:: What is expected ::
Would you retype the entries from the first line to the line bearing "As stylish as", both included, leaving out every picture?

:: Material to process ::
__________________________________________________
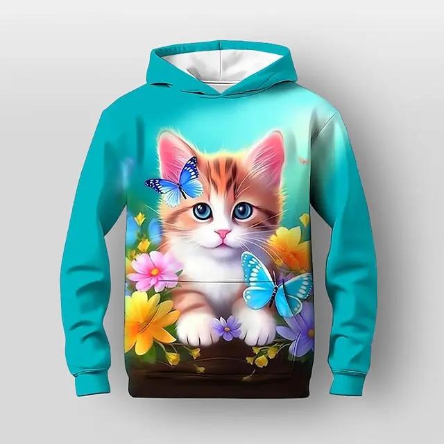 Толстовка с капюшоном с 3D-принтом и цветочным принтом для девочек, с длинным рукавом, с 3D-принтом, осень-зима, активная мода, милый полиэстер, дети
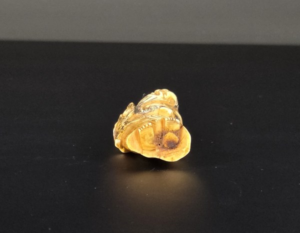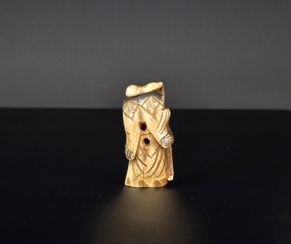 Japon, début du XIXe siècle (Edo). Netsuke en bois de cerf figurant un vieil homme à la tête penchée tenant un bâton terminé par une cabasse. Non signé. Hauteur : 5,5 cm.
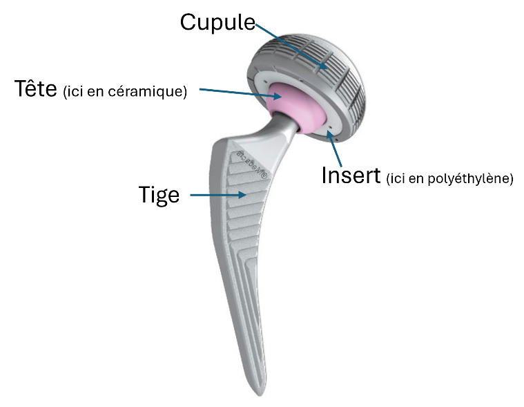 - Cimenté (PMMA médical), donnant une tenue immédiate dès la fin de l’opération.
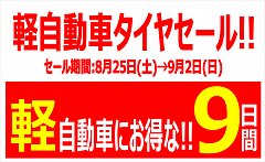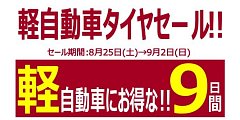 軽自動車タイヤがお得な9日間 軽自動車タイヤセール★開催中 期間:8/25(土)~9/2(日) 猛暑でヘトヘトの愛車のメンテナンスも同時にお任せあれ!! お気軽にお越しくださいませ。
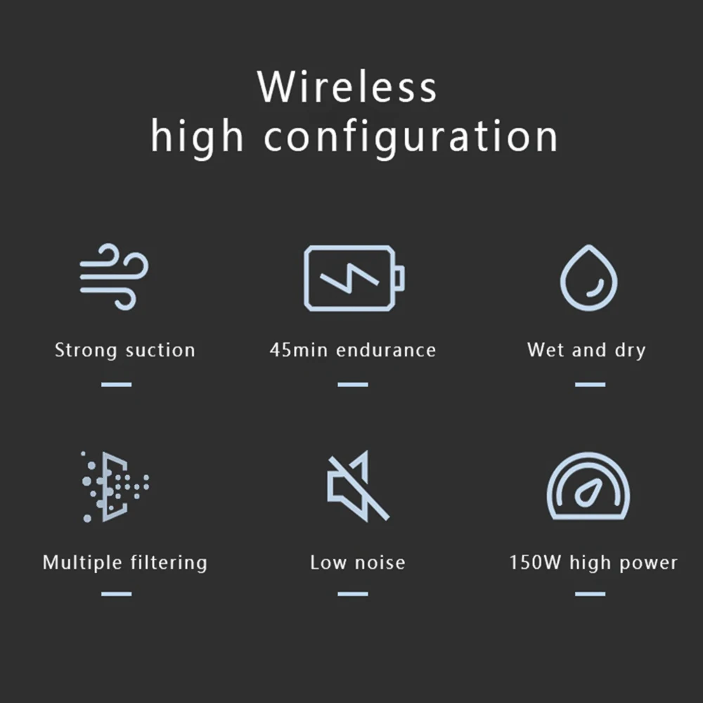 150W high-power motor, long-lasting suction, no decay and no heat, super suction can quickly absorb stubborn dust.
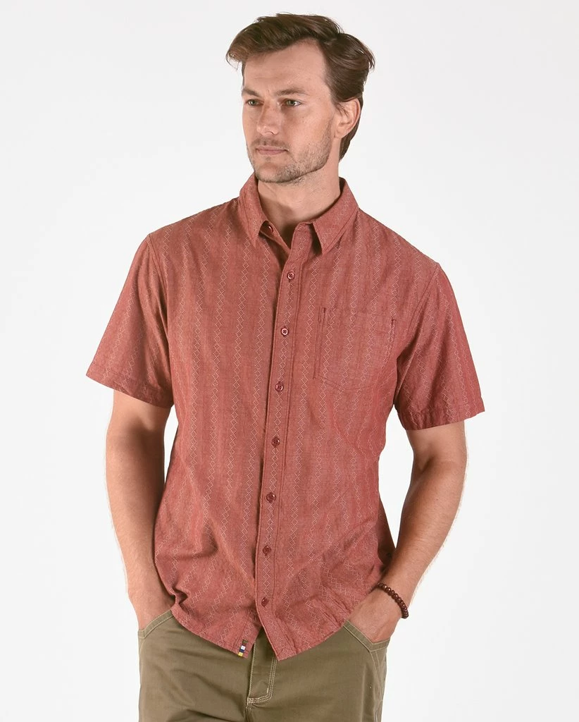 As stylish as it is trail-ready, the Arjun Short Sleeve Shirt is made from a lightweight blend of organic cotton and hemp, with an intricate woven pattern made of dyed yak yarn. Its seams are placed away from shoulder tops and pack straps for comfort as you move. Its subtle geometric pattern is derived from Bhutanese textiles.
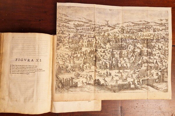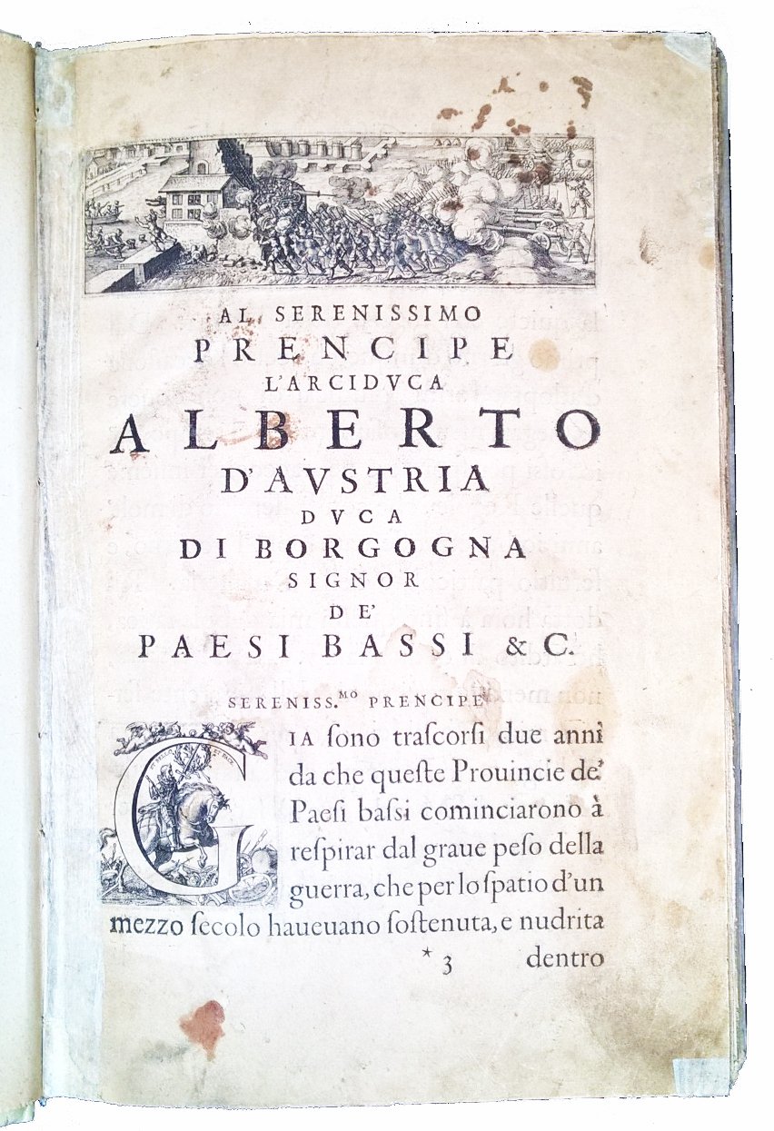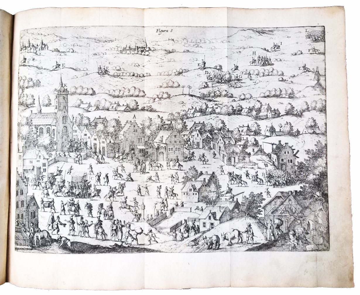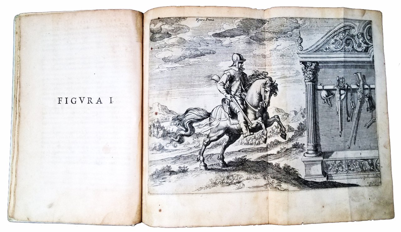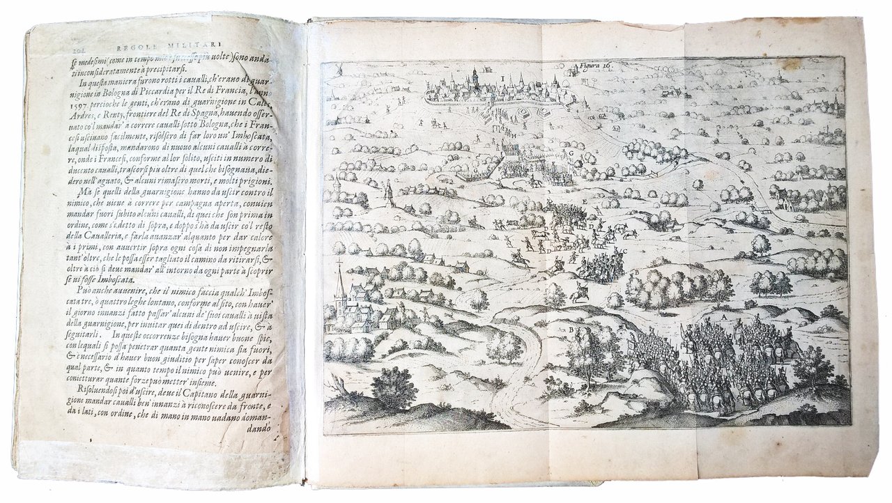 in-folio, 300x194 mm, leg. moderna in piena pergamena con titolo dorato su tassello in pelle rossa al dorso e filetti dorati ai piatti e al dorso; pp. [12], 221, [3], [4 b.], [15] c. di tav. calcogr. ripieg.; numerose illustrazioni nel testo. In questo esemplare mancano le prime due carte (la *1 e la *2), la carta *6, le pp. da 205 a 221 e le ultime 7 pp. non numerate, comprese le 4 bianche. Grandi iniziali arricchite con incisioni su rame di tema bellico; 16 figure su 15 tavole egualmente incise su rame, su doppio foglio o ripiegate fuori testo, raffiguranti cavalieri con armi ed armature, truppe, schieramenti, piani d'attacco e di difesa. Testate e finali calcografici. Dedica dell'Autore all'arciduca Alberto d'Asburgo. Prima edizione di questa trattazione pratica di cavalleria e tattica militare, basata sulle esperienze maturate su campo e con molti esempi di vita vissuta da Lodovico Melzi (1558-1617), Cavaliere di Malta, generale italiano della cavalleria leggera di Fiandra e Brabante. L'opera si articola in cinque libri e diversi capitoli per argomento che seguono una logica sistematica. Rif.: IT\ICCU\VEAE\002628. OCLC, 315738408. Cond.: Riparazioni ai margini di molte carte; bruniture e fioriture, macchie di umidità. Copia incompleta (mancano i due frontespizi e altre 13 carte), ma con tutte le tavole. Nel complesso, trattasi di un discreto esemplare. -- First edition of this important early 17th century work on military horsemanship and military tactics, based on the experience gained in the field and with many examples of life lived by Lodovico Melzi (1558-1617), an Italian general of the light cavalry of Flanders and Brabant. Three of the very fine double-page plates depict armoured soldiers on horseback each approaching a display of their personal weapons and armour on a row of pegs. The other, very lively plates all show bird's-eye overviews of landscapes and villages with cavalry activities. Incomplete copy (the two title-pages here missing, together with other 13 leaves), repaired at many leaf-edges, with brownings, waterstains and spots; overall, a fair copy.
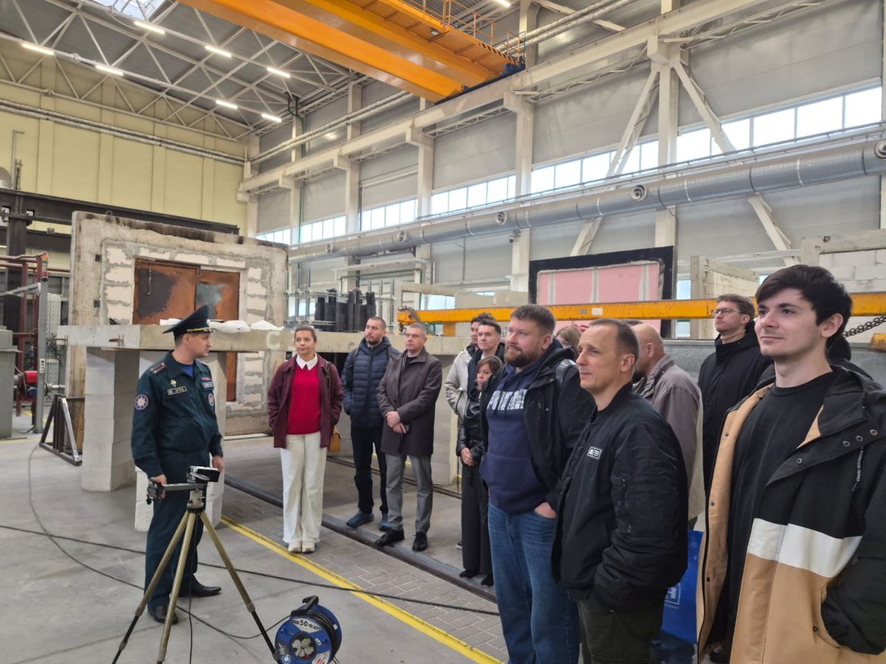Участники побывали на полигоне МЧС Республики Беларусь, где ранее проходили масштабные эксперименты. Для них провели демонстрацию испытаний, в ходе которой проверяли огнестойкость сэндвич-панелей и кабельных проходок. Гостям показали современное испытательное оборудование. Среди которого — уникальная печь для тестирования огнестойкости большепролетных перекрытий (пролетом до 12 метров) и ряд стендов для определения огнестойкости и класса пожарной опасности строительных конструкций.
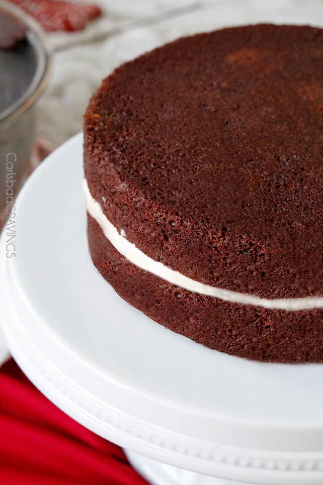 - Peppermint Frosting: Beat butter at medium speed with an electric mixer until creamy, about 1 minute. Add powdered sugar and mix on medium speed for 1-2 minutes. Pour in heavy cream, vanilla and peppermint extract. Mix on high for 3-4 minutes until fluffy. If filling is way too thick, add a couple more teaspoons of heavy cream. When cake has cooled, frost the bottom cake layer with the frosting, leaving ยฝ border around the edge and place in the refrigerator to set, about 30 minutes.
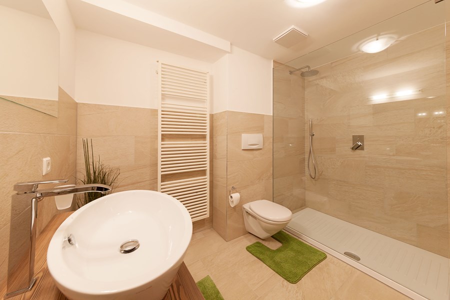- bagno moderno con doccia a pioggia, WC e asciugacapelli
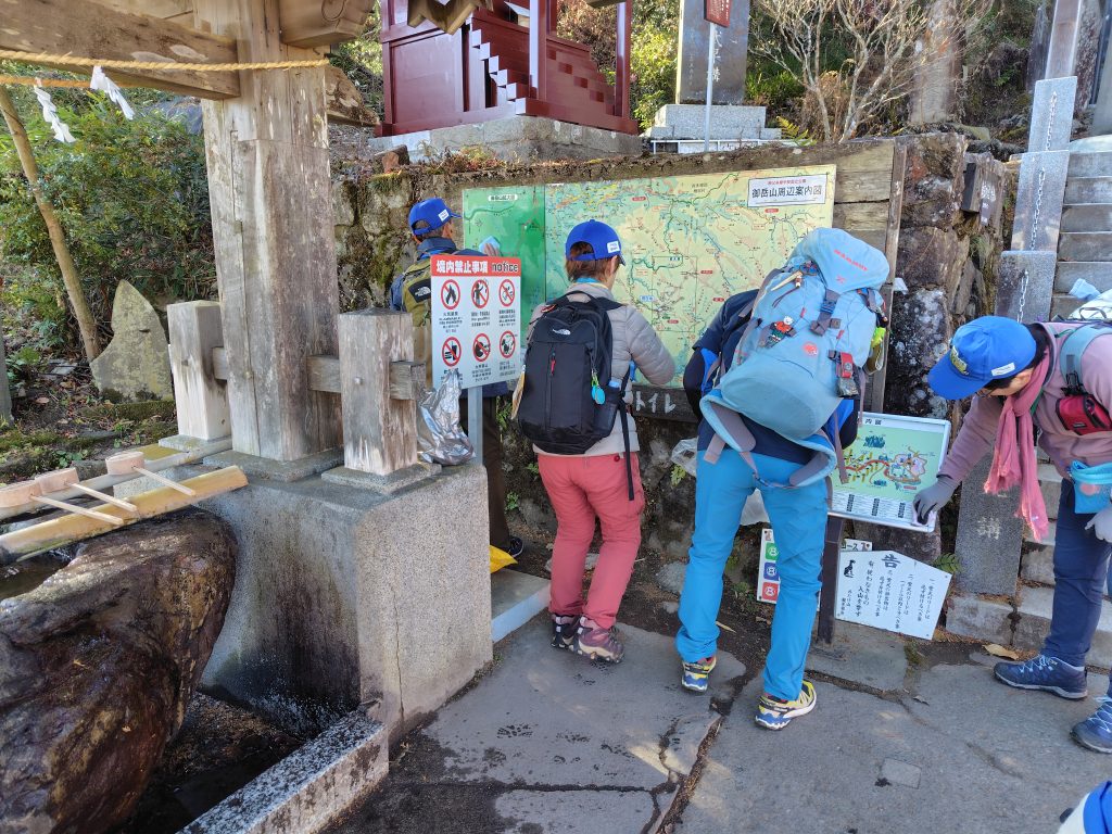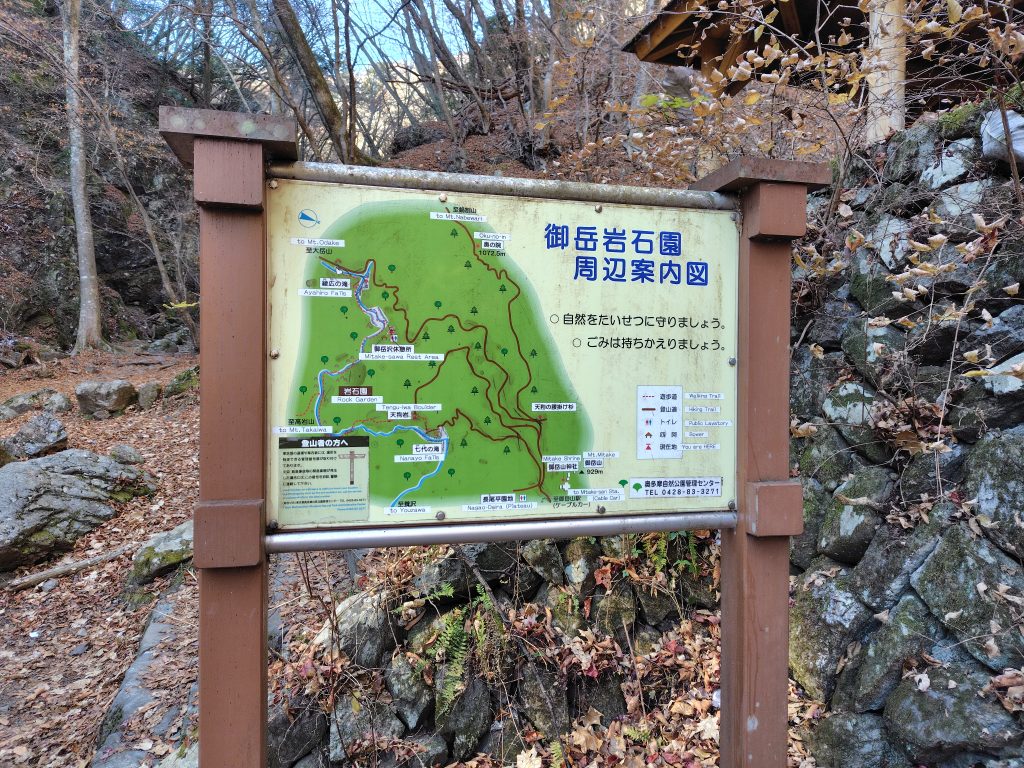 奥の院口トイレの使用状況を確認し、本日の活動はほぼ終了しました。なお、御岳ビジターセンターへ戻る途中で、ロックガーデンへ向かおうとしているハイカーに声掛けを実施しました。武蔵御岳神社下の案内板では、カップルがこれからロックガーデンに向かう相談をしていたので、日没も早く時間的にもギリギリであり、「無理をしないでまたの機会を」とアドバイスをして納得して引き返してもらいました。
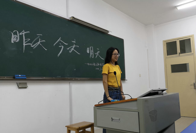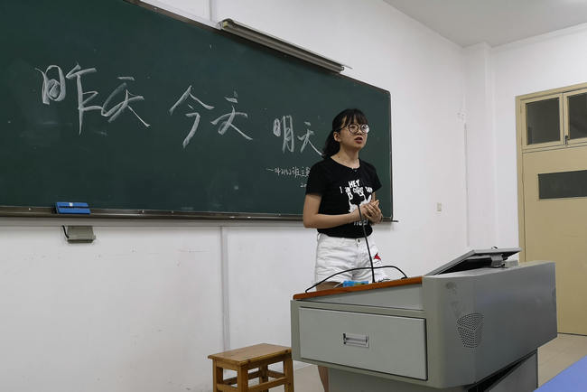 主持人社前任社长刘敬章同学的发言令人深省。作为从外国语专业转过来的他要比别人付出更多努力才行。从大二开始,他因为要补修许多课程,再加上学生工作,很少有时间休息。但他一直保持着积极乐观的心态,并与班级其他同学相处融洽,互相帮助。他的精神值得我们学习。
__________________________________________________
:: Expected answer ::
 Толстовка с капюшоном с 3D-принтом и цветочным принтом для девочек, с длинным рукавом, с 3D-принтом, осень-зима, активная мода, милый полиэстер, дети
 Japon, début du XIXe siècle (Edo). Netsuke en bois de cerf figurant un vieil homme à la tête penchée tenant un bâton terminé par une cabasse. Non signé. Hauteur : 5,5 cm.
 - Cimenté (PMMA médical), donnant une tenue immédiate dès la fin de l’opération.
 軽自動車タイヤがお得な9日間 軽自動車タイヤセール★開催中 期間:8/25(土)~9/2(日) 猛暑でヘトヘトの愛車のメンテナンスも同時にお任せあれ!! お気軽にお越しくださいませ。
 150W high-power motor, long-lasting suction, no decay and no heat, super suction can quickly absorb stubborn dust.
 As stylish as it is trail-ready, the Arjun Short Sleeve Shirt is made from a lightweight blend of organic cotton and hemp, with an intricate woven pattern made of dyed yak yarn. Its seams are placed away from shoulder tops and pack straps for comfort as you move. Its subtle geometric pattern is derived from Bhutanese textiles.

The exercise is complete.